_COLLECTED MATERIAL_:
▬▬▬▬▬▬

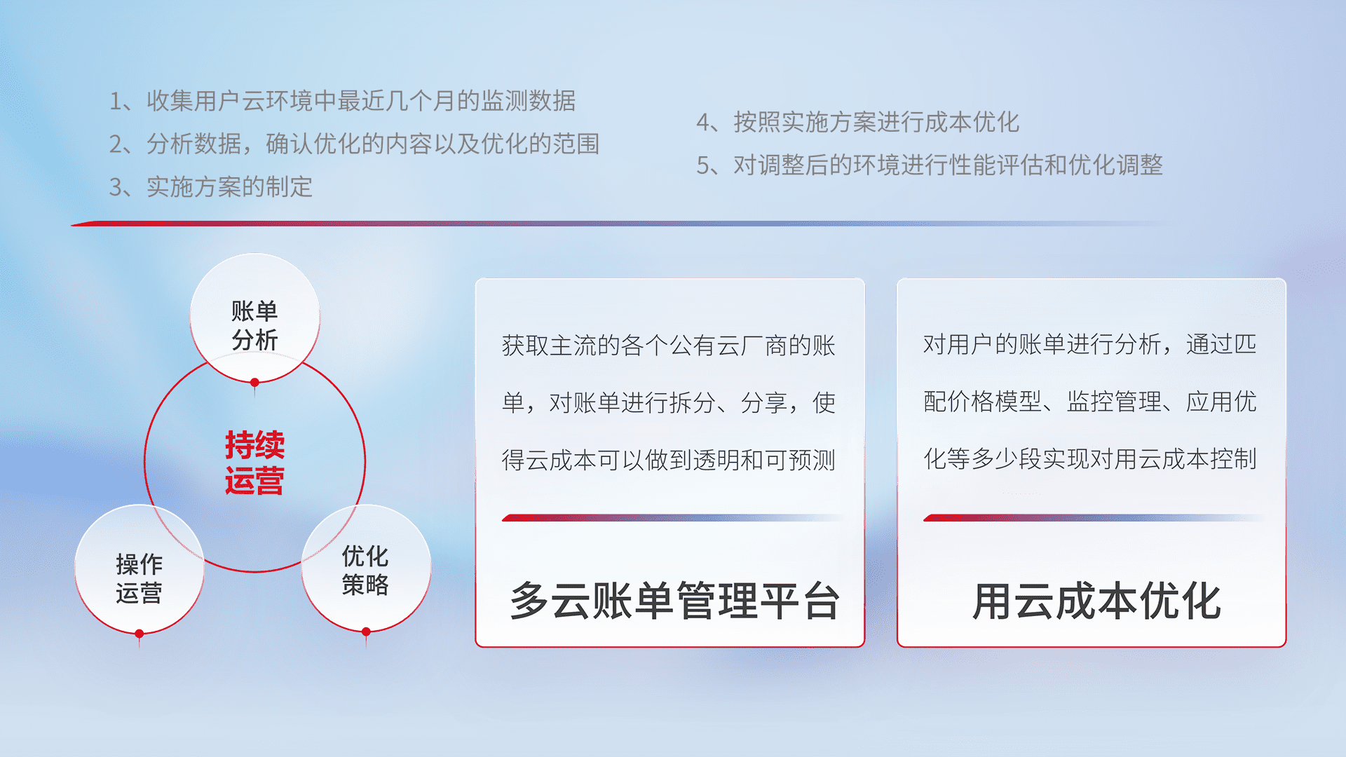 通过多云纳管,,以统一的资源数据模型把客户的云资源进行抽象和封装,,进而实现对多云资源的统一操作,,保障云资源管理的可靠性、、、稳定性与可用性。。。量身定制化运维内容,,,,配置、、、、开发运维、、、补丁管理、、、备份、、监控、、、认证和访问管理、、、审计和日常巡检等,,保障在用云过程中的可靠度,,,稳定度以及高可用率。。。
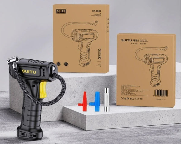 Compresorul auto portabil îți asigură călătorii fără griji, menținând presiunea optimă a anvelopelor în orice situație.
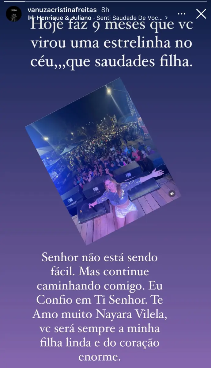 Nas redes sociais, a mãe de Nayara Vilela relembrou a morte da filha e fez um desabafo. “Hoje faz 9 meses que você virou uma estrelinha no céu. Que saudades, filha. Senhor, não está sendo fácil. Mas continue caminhando comigo. Eu confio em Ti, Senhor. Te amo muito, Nayara Vilela. Você será sempre a minha filha linda e de coração enorme”, escreveu a mãe de Nayara na legenda da publicação que leva a foto da filha.
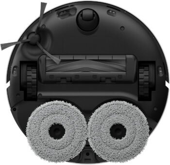 Robot aspirateur‑laveur 2‑en‑1 avec puissance d’aspiration jusqu’à 11 000 Pa, navigation intelligente avec détection d’obstacles, double serpillères rotatives, grande autonomie et station de base pour entretien simplifié.

▬▬▬▬▬▬

Please print the lines exactly, from the top of the material through the line with "Compresorul auto portabil", and omit the pictures.

_RESPONSE TO THIS TASK_:
 通过多云纳管,,以统一的资源数据模型把客户的云资源进行抽象和封装,,进而实现对多云资源的统一操作,,保障云资源管理的可靠性、、、稳定性与可用性。。。量身定制化运维内容,,,,配置、、、、开发运维、、、补丁管理、、、备份、、监控、、、认证和访问管理、、、审计和日常巡检等,,保障在用云过程中的可靠度,,,稳定度以及高可用率。。。
 Compresorul auto portabil îți asigură călătorii fără griji, menținând presiunea optimă a anvelopelor în orice situație.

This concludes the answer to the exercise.